Using Event Systems and DMA to Cut Power Consumption

The trick to exploiting the ultra lowpower characteristics of microcontrollers with 100 nA sleep mode power consumption is to keep them in sleep mode as much as possible. The problem is that the growing number of on-chip peripherals and the increasingly dataand interrupt-intensive nature of modern applications make this a very difficult objective to achieve.

As embedded applications become more responsive to their environments, the number of peripherals that capture and process environmental data is increasing rapidly. It is commonplace for microcontrollers to have ADCs, DACs, PWMs, multiple timer/counters and numerous I2C, SPI, CAN, USB and USART interfaces for communications. In addition, the number of interrupts and amount of data that must be moved between the memories and the peripherals has grown exponentially, increasing the CPU load and consuming more power. The context switching and interrupt usage for two simultaneous interperipheral communications and a single 64 Mbps data transfer requires 200 CPU MIPS and consumes 100 mA.

Peripheral signals often do not require the CPU to do anything except let another peripheral know it needs to do something.
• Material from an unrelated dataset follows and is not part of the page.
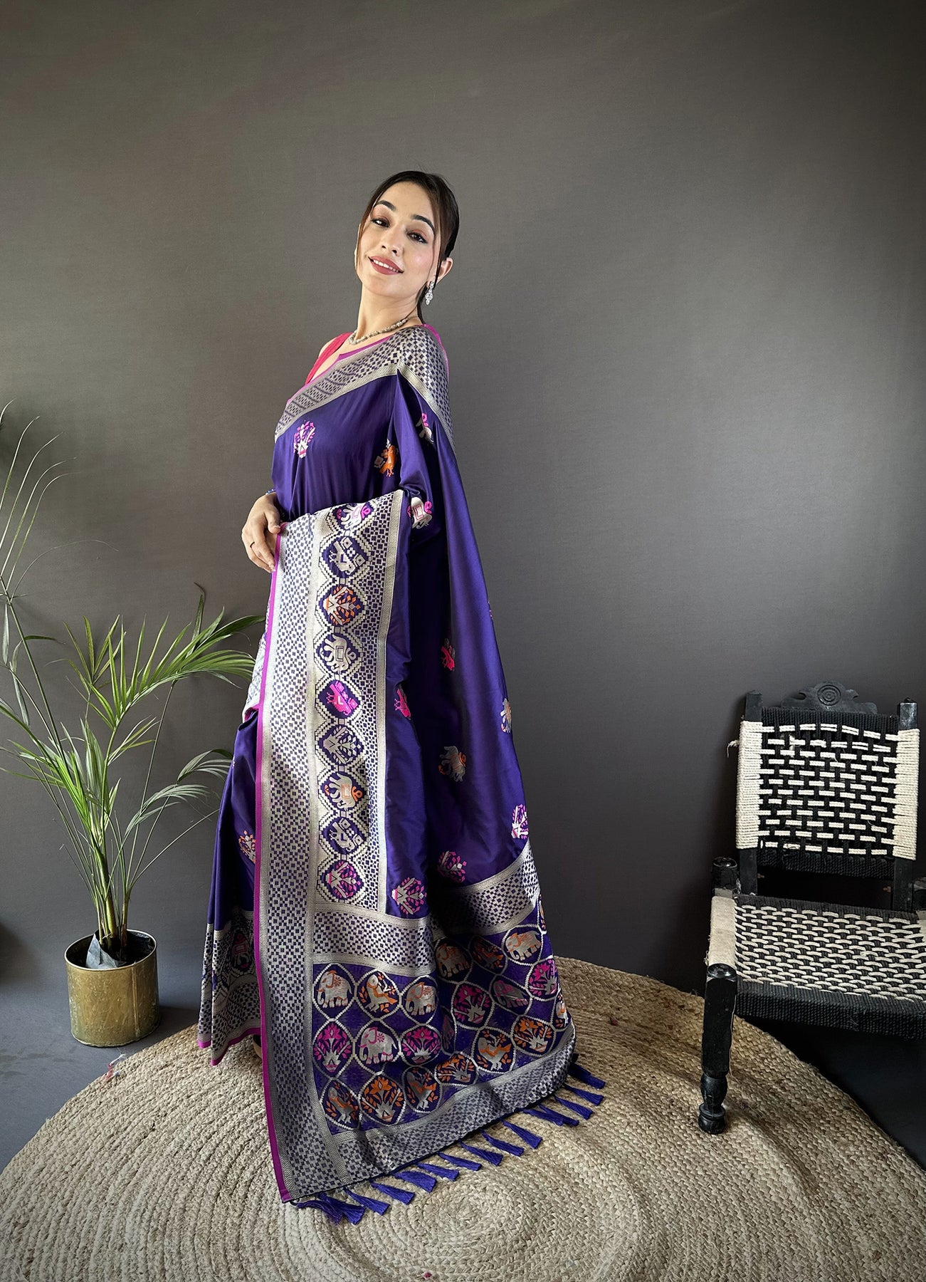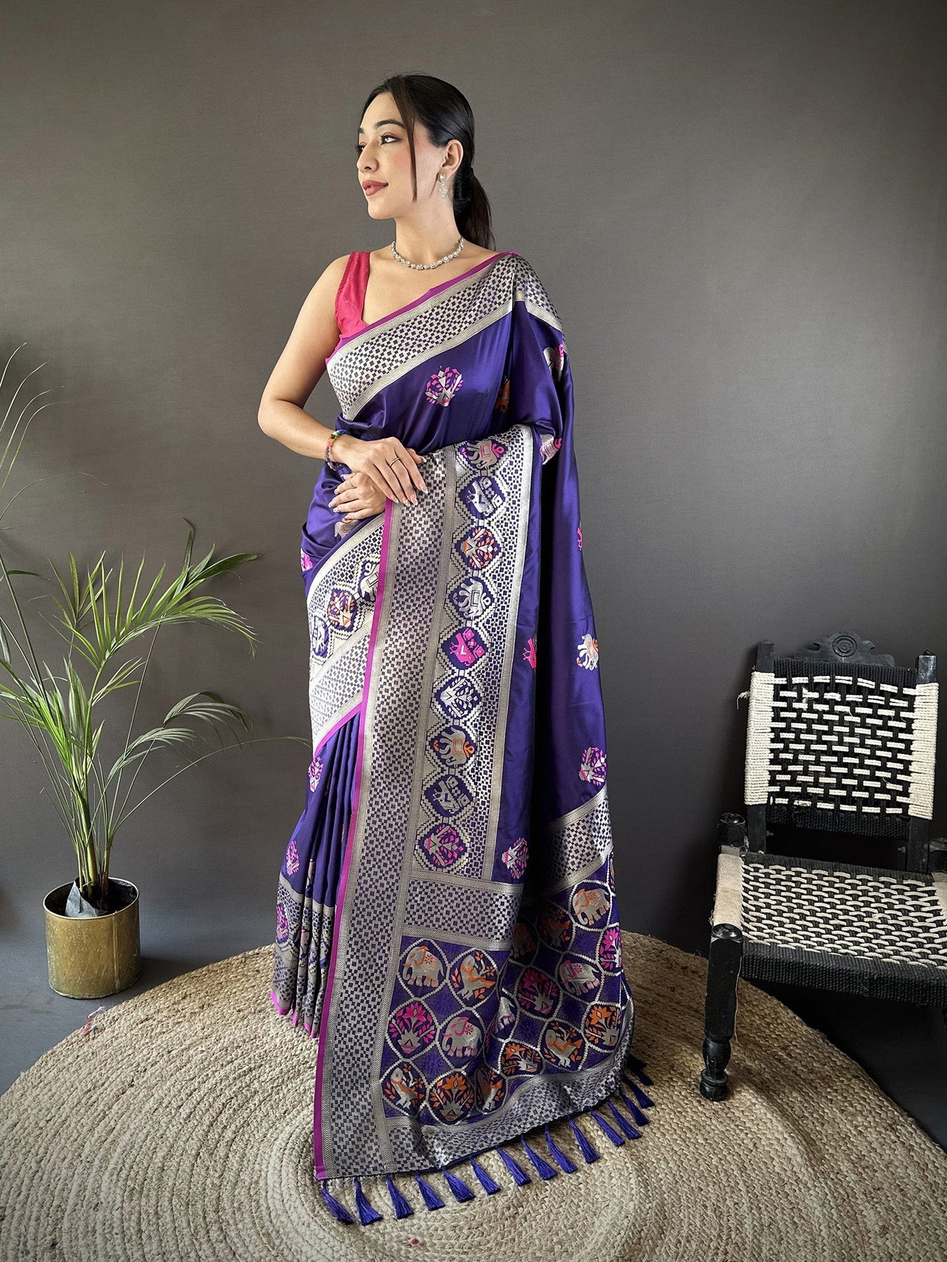 Get this Soft Lichi Silk Elephant & Floral Motifs Minakari Work Banarasi Saree Online at Elora Fashion – The best online store for Tussar silk saree, banarasi silk saree, kanjivaram silk saree, paithani silk saree, bandhani saree, patola saree, linen saree and organza saree.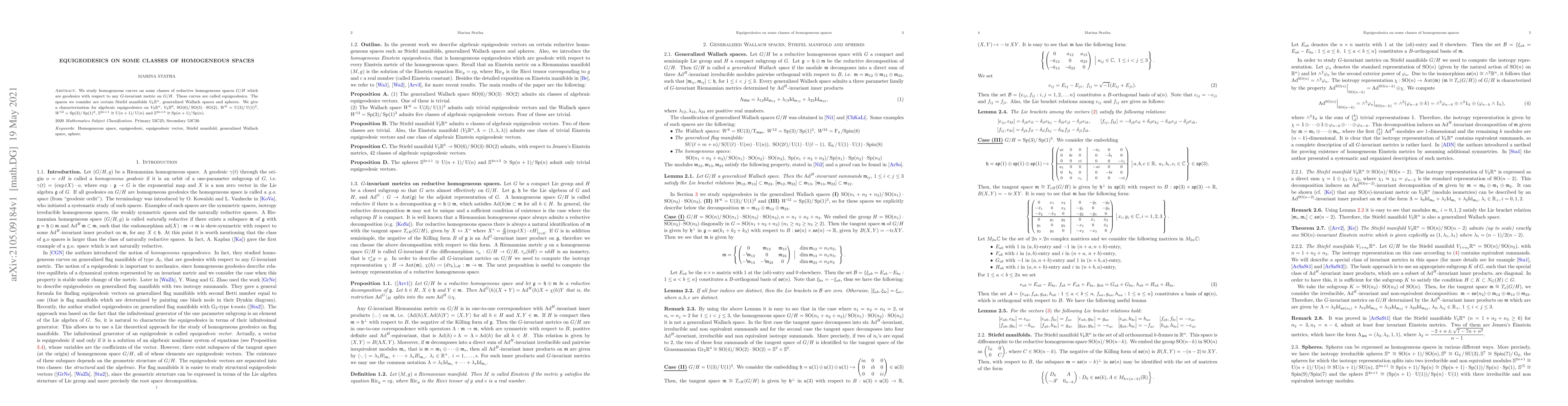 This paper investigates the concept of equigeodesics on various classes of reductive homogeneous spaces, specifically focusing on Stiefel manifolds, generalized Wallach spaces, and spheres. The authors provide a detailed characterization of algebraic equigeodesics for several specific homogeneous spaces, including V2Rn, V4R6, and others.

Unfortunately, liaising between two peripherals requires cycle intensive interrupt processing. For example, in a motor control application, overheating is prevented by constantly measuring the current on the motor and toggling an analog comparator when an overcurrent situation signals that the motor has stalled. The CPU is interrupted and shuts down the pulse width modulator (PWM) output for the motor driver. This process can require tens of cycles, and another 20-100 cycles to restore the context. The microcontroller is not really doing anything that requires its processing capabilities; it is basically just passing a message from an analog comparator to a PWM output. The cycles are basically wasted.
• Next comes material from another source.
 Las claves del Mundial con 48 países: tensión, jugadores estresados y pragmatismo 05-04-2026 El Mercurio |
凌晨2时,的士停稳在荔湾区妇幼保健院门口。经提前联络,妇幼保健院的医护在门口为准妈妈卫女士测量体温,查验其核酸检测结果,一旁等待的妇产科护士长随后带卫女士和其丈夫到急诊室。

Other cycle wasters include the use of timer/counters to time other peripherals such as ADCs and DACs. In these situations, an interrupt is generated to start every conversion. At a sample rate of just a few kHz, these timer/counter interrupts consume over 1 MIPS — about 8% of a 12 MIPS MCU’s capacity.

One solution to this problem is to use a microcontroller with an event system and DMA that off-load these functions from the CPU. Ultra-low-power, single-cycle RISC 8/16-bit MCUs are available with multi-channel event systems and DMA controllers that allow the simultaneous execution of up to 8 inter-peripheral events, plus up to four 64 Mbps data transfers, while consuming less than 10 mA. Since the event system and DMA allow the peripherals to communicate with each other autonomously, no CPU clock cycles or interrupts are required. The CPU can be put into idle sleep mode.